-- INSTRUCTIONS TO FOLLOW --
An exact transcription of the lines from the one holding "deyoli Sonnenuntergang mit" to the end of the entries below, and nothing more, is the required answer. Please omit the pictures.

-- INPUT MATERIAL --
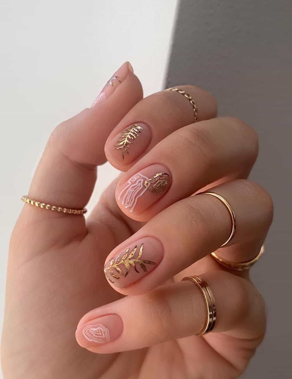 These nails are proof that minimalism can still be striking. A sheer nude base sets the stage for delicate gold leaf accents and subtle white line art, giving off an ethereal glow that feels effortlessly elevated.
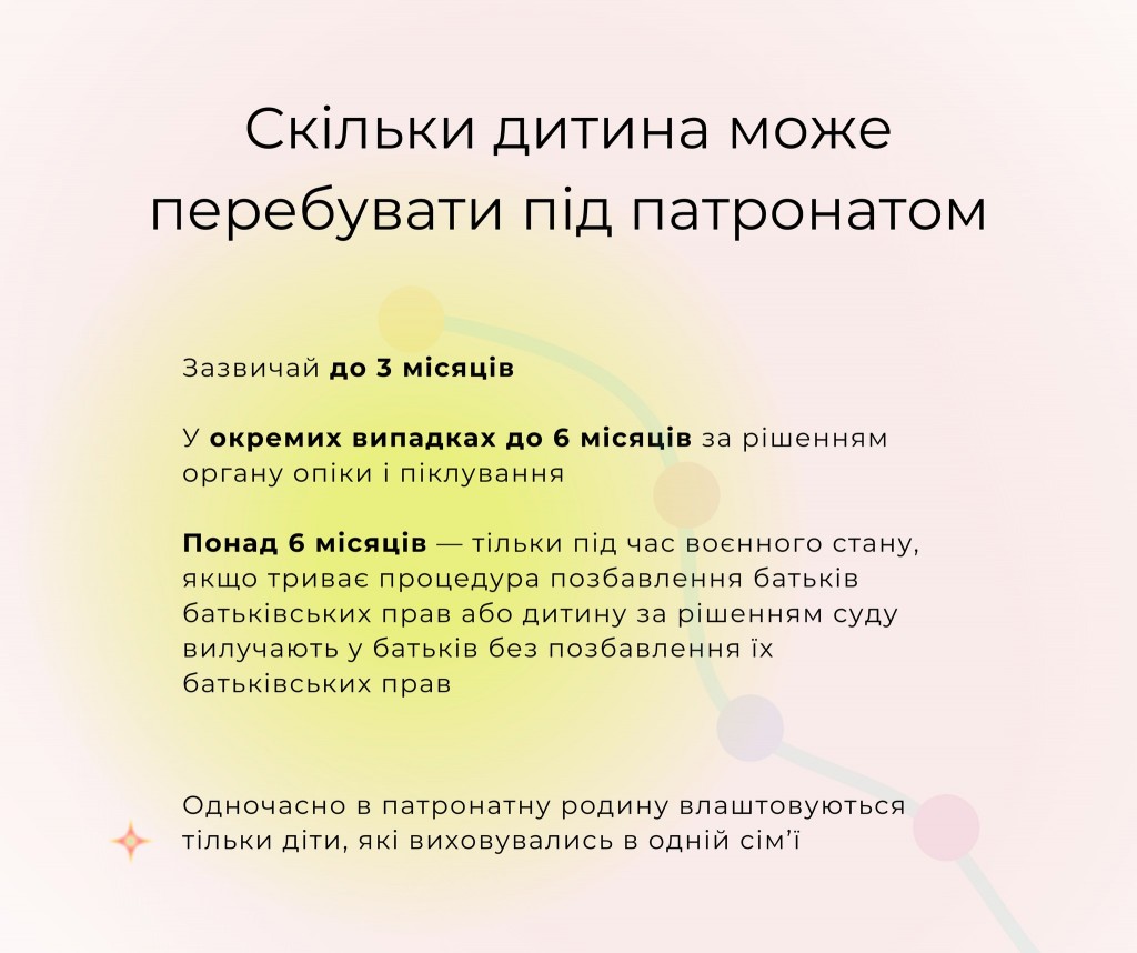 👧 І навіть якщо дитина більше не може жити з біологічною родиною (у разі позбавлення батьків батьківських прав або, на жаль, у разі їхньої загибелі через російську війну) вона перебуває в патронатній сім’ї, поки для неї шукають опікуна, прийомну сім’ю тощо.
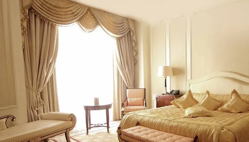 Считается, что итальянские шторы идеальны для высоких окон в спальнях.
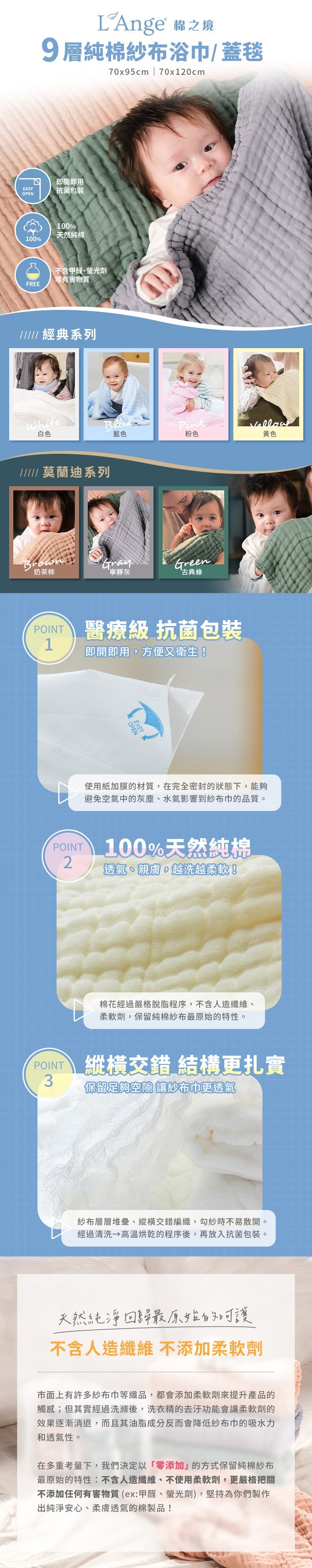 |L'Ange 棉之境 9層純棉紗布浴巾/蓋毯70x95cm (多款可選)|
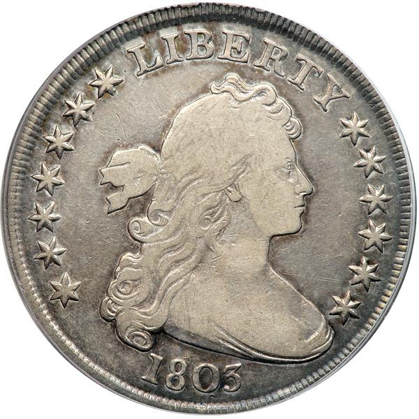 1803 Draped Bust Dollar. Small 3. PCGS graded VF-20. Housed in a new secure plus holder. Soothing antique grey hues blanket both sides. A splash of gold and blue toning can be seen here and there about the borders.
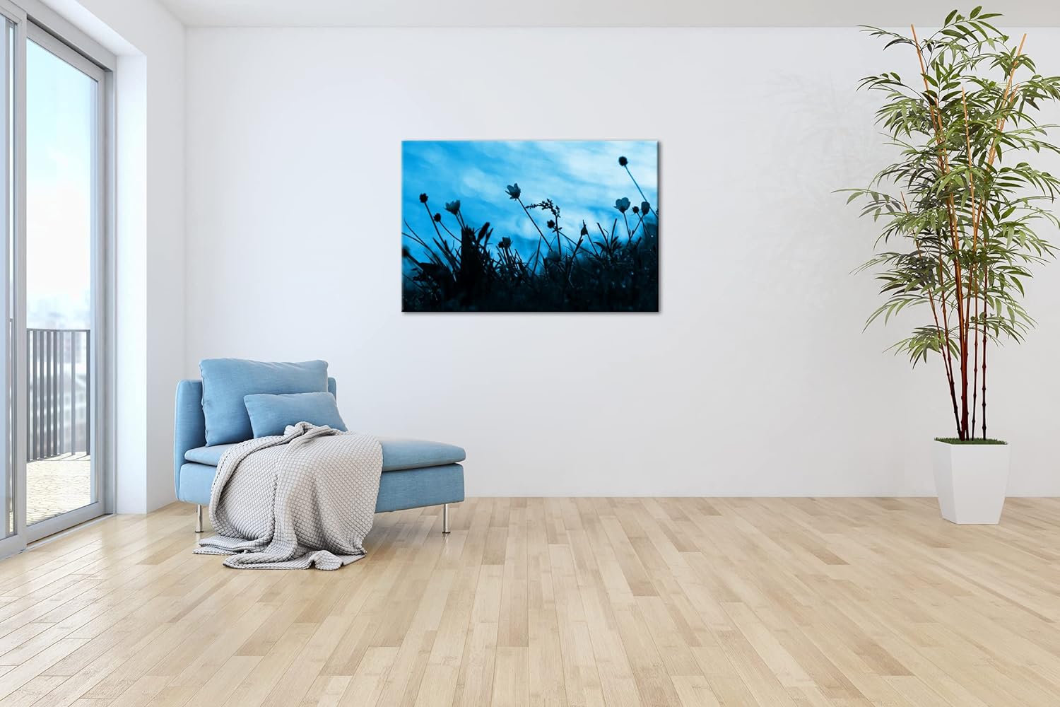 deyoli Sonnenuntergang mit schöner Wiese Format 80x60 Effekt: Monocrome Blau als Leinwandbild, Motiv
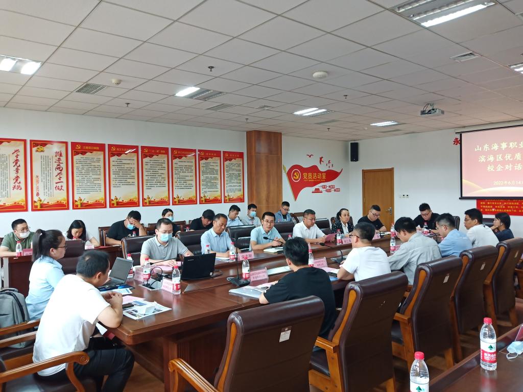6月14日下午,滨海区党群工作部举办的山东海事职业学院滨海区优质企业校企合作对话会在图书馆一楼会议室召开。会议由滨海区党群工作部副部长苏志强主持,滨海区党群工作部相关负责人;山东海化集团、新和成控股、普洛得邦、海利尔化工等18家企业相关负责人;学校党委副书记、执行校长徐立清,副校长宋志刚,以及各二级学院、相关职能部门负责人参加了会议。

-- ANSWER BOX --
 deyoli Sonnenuntergang mit schöner Wiese Format 80x60 Effekt: Monocrome Blau als Leinwandbild, Motiv
6月14日下午,滨海区党群工作部举办的山东海事职业学院滨海区优质企业校企合作对话会在图书馆一楼会议室召开。会议由滨海区党群工作部副部长苏志强主持,滨海区党群工作部相关负责人;山东海化集团、新和成控股、普洛得邦、海利尔化工等18家企业相关负责人;学校党委副书记、执行校长徐立清,副校长宋志刚,以及各二级学院、相关职能部门负责人参加了会议。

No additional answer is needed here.